WIXOSS(アニメシリーズの続編も含む)
- 少女(少女に選ばれた者)以外には見えないカードバトル(物理)。3度負けると願いが反転する、複数回(個人差があり本人にもわからない)勝つとデッキのメインモンスターに肉体を乗っ取られ、本人はカードに封印されるつまりカードのモンスターになる。更にはこの戦いは形を変えていき悪化している。→夢限少女
- フレーバーテキストがパロディのオンパレード。
- おい、販促しろよ。
カードファイト!!ヴァンガードシリーズ
- カードゲームしながらイメージして戦い合っている。
- カードゲームで町おこし(主に2作目のヴァンガードG)。
フューチャーカードバディファイトシリーズ
- 元から実体化しており生活や歴史に溶け込む相棒カード。
バトルスピリッツ
- Xレアを入手する為にはパックではなく、特殊な手段で入手。(覇王のみ例外)
- ライフで受けるとプレイヤーにもダメージが行く。(少年激覇ダンからの設定)
- 次のシリーズのカードが先行登場。
- 何をやるにもバトスピで決着…と思ったら暗殺、洗脳、武力解決も普通にやる。(覇王は例外)

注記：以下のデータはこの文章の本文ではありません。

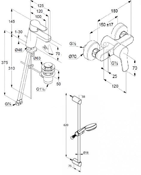 Представленный здесь набор Pure&Easy 378450565 от Kludi, состоит из врезного, однорычажного смесителя для раковины с донным клапаном Pure&Easy 70 372820565 с длиной стационарного излива в 12 см, настенного, однорычажного смесителя для душа Pure&Easy 378410565, и душевого гарнитура Logo 1S 6816005, состоящего в свою очередь из одноструйной душевой лейки с диаметром душевой поверхности в 9.6 см, держателя для душа, душевого шланга Logoflex длиной 160 см и крепежной штанги высотой 62 см.
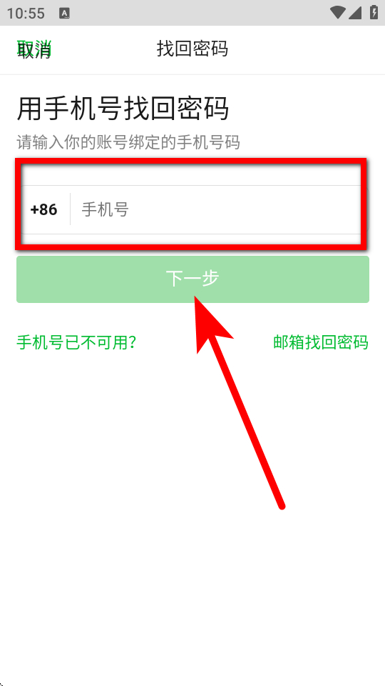 3、在找回方式选择列表中,点击用手机号选项,进入用手机号找回密码页面。
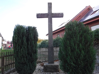 Sie stehen vor einem Stein-Kreuz in den Abmessungen 2,70 x 1,30 m, das etwa 2 m von der Straßenkante zurück im Garten steht. Das Gelände ist etwa 50 cm höher als die Straße, aber sonst frei zugänglich für den Kletterer. Zu beiden Seiten stehen je eine schmale aufrecht wachsende Konifere. An der Rückseite zum Garten ist ein niedriger Lattenzaun montiert.
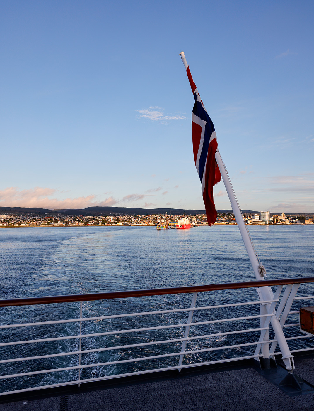 Bei bestem Wetter fuhr die Fram mit 13,5 kn durch die Magellanstraße in Richtung Osten, auf den Atlantik zu. Ziel sind zunächst die Falklandinseln. Die Reise geht über 450 Seemeilen (ca. 830 km) – das dauert also ca. 33 Stunden, je nach Wetter auch etwas länger.
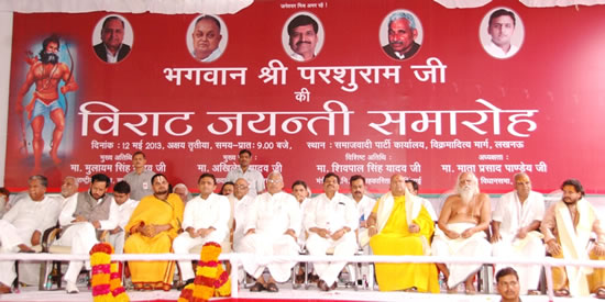 press-5x10उत्तर प्रदेश के मुख्यमंत्री श्री अखिलेश यादव 12 मई, 2013 को समाजवादी पार्टी कार्यालय, लखनऊ में भगवान परशुराम जयन्ती समारोह के अवसर पर। साथ में हैं विधानसभा अध्यक्ष श्री माता प्रसाद व लोक निर्माण मंत्री श्री शिवपाल सिंह यादव।press-1-5x8
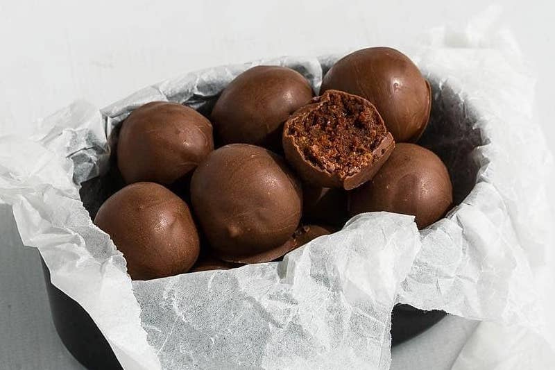 Soak the dates in water until they soften, then blend all the ingredients together, roll into balls and refrigerate for an hour. If you're feeling truly indulgent, you can coat the balls in 40g melted dark chocolate and refrigerate for another half an hour.
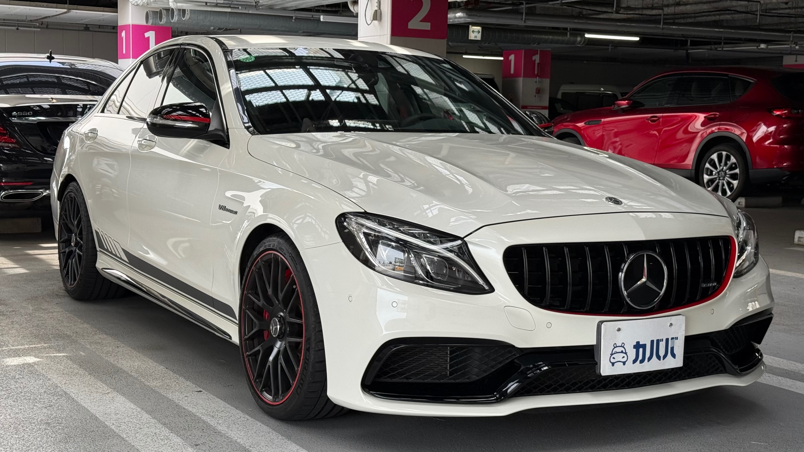 【車両概要】 2015年式 メルセデスAMG C63 S エディション1がカババに登場です! AMGが手掛けるハイパフォーマンスセダンで、4.0L V8ツインターボエンジンによる圧倒的なパワーと迫力のサウンドが魅力の一台! 中でも「エディション1」は専用装備を備えた特別仕様車となっており、通常モデルとは一線を画す存在感を誇ります。 【車両アピールポイント】 ・希少な左ハンドル仕様(数台限定) ・走行距離23,000km程の低走行 ・屋内保管による良好コンディション 市場でも流通の少ない左ハンドルのエディション1はコレクション性も高く、コンディションの良さも相まって非常に魅力的な一台です! V8エンジンならではの力強い走りとAMGらしいダイナミックなドライビングフィールを存分にお楽しみいただけます。 【車両装備】 ◼️特別装備 ●専用ハイグロスブラックパーツ (フロントバンパー/リアバンパー/ドアミラー /ウィンドウアーチモール/サイドスカート/AMGトランクリッドスポイラーリップ) ●専用レッドアクセント (フロントグリル/ドアミラー/アルミホイール) ●エクスクルーシブパッケージ ・ヘッドアップディスプレイ ・ハンズフリーアクセス(トランクリッド自動開閉機能) ・エアバランスパッケージ(空気清浄機能、パフュームアトマイザー付き) ・Burmesterサラウンドサウンドシステム ・盗難防止警報システム(牽引防止機能、室内センサー) ●他 ・専用マットブラックペイント19インチAMGクロススポークアルミホイール(鍛造) ・専用サイドデカール ・AMGレッドカーボン/アルミニウムインテリアトリム ・専用AMGパフォーマンスシート(レッドダイヤモンドステッチ入り) ・専用AMGパフォーマンスステアリング(DINAMICA/Edition 1ロゴ・レッドセンターマーキング・レッドステッチ入り) ・ナッパレザー ドアセンターパネル(レッドダイヤモンドステッチ入り) ・レッドシートベルト ・レッドパイピング付AMGフロアマット ◼️カスタム ・パナメリカーナグリル(純正パーツあり/※別途着払いでのお渡し可能てす。) 【車両状態】 ■外装: 年式や走行距離を考慮すると全体的に良好な状態を保たれております。 ・左ホイールガリ傷 ・フロントバンパー交換実施(中古購入時に少し傷があったため) ・フロントバンパー下部擦り傷 ■内装: 通常使用による使用感はございますが、目立った破れは取材時には確認できませんでした。 ・車内ファブリーズの芳香剤を設置されており、甘めの香りがいたします。 ・また、現オーナー様ご自宅でトイプードルを飼われております。乗車歴は一度もございませんが、アレルギーをお持ちの方はご注意ください。 ■エンジン系統:取材時アイドリング等は安定しており、異音や異臭などはエンジンルームなどからも感じられませんでした。 お車のクオリティや車内の詳細が気になる方は、お気軽にお問い合わせ下さい!🚗 《重要》本車両に対する予防整備(消耗品等)の不具合、劣化等に関しては免責事項となります。 ※本車両は10年以上前の車両のためノークレームノーリターンのお取引となります。予めご了承ください。
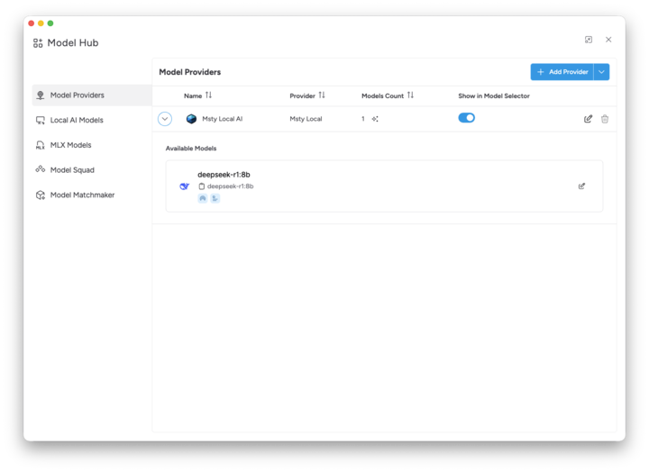 以苹果在官方视频中演示过的 Msty Studio 为例,作为一款功能类似 Ollama 但模型库更丰富的「开源模型本地化部署工具」,Msty Studio 最主要的功能,就是可以让你的 Mac 在断网情况下跑语言模型。
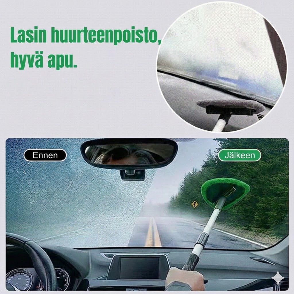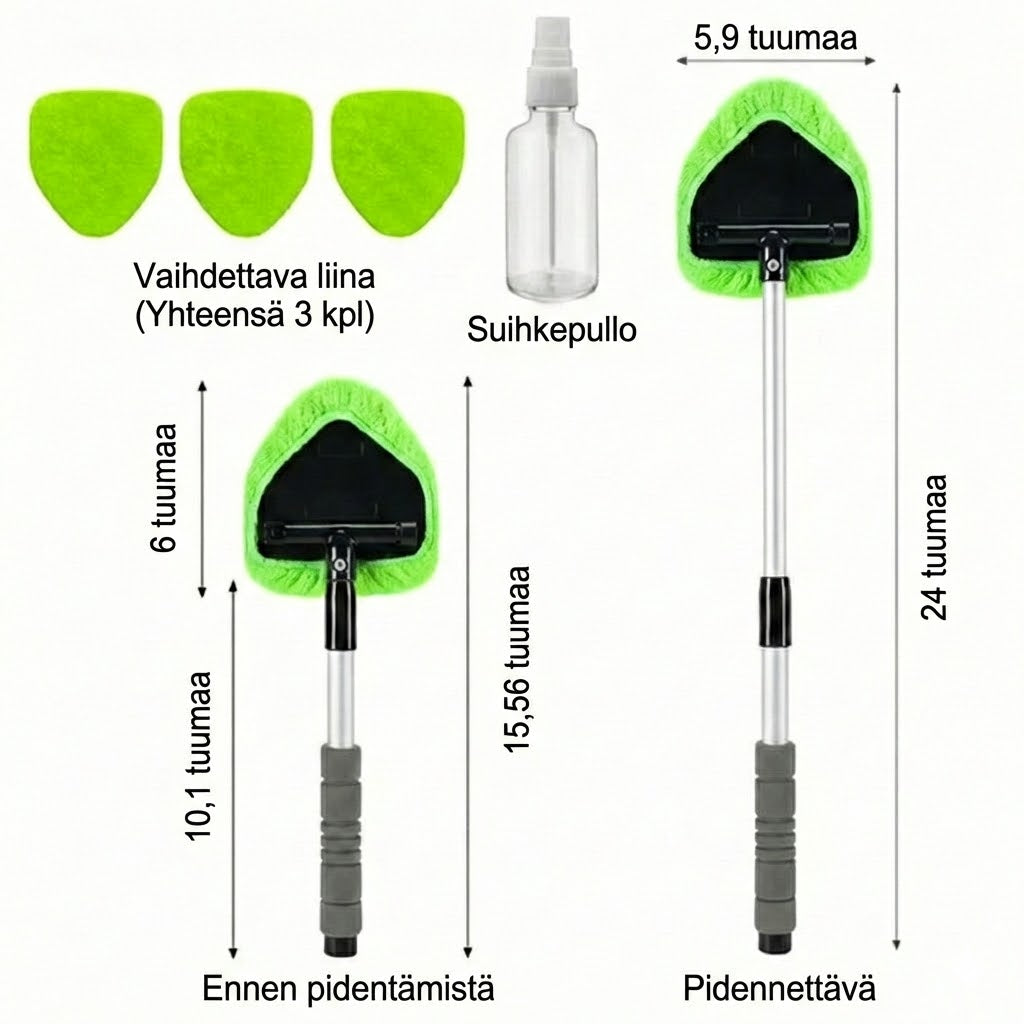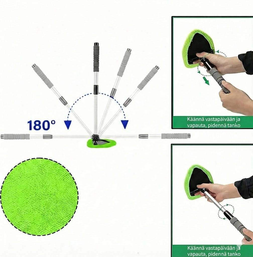 Vaivaton puhdistus:Tekee auton ikkunoiden puhdistamisesta sisältä ja ulkoa lastenleikkiä. Pitkän varren avulla saavutat jokaisen kohdan vaivatta ja saat raidattoman lopputuloksen.

- なぜか古代や戦国時代にバトスピのカードが存在する。
- カードに変化する武器やモンスターがいる(ソードアイズと最強銀河究極ゼロ)
- メイン勢力にカウントされているスピリットなのに、CGモデルが作られていないスピリットはアニメに登場できない。登場してもカードだけ。(一部の12宮Xレアや太陽、月、地球以外の八星龍など。十二神皇は全員登場している。)
- バトスピ専門の店がある。
- 世界の命運を掛けた戦いが殆どなので普通に公式大会やってる方が異常。(烈火魂も後者寄りだが、カラーギャングの縄張り争いとしての要素があった。)
- 少年達の性壁を歪ませかねないキャラクターやこれホントに全年齢向けか!?と思わせるモンスターがほぼ必ず登場する。
- 低コストスピリットは高コスト召喚の生贄。
その他
- 現実では新しいカードなのに昔からあったり、最近追加されたルールなのに昔からある事になっている。
- 先行登場のカードが公式大会で使えてしまっているパターンもある。(激神皇カタストロフドラゴンがそれ)販促の為といえばそこまでだが、公式大会で使用できるのは大会時点で販売されている最新弾のカードまでである。
- アニメのカード効果と現実のカード効果が違う、出損ねたカードがある。
- アニメ版ですらあり得ないルールミスを漫画版がやらかすことがある。
- カードとは関係ない他の作品のキャラクターが本編のどこかに出ている。それどころかクロスオーバー映画が作られたり、その際に他作品のキャラクターがカードになった例も。
- 主人公がデッキ構築ルールに違反したデッキを使用する。
- 開封描写の自粛(漫画なら大丈夫らしい)。
- デッキを構築する際にカードと妄想内で対話する(現実に近い世界観でこれをやっている)。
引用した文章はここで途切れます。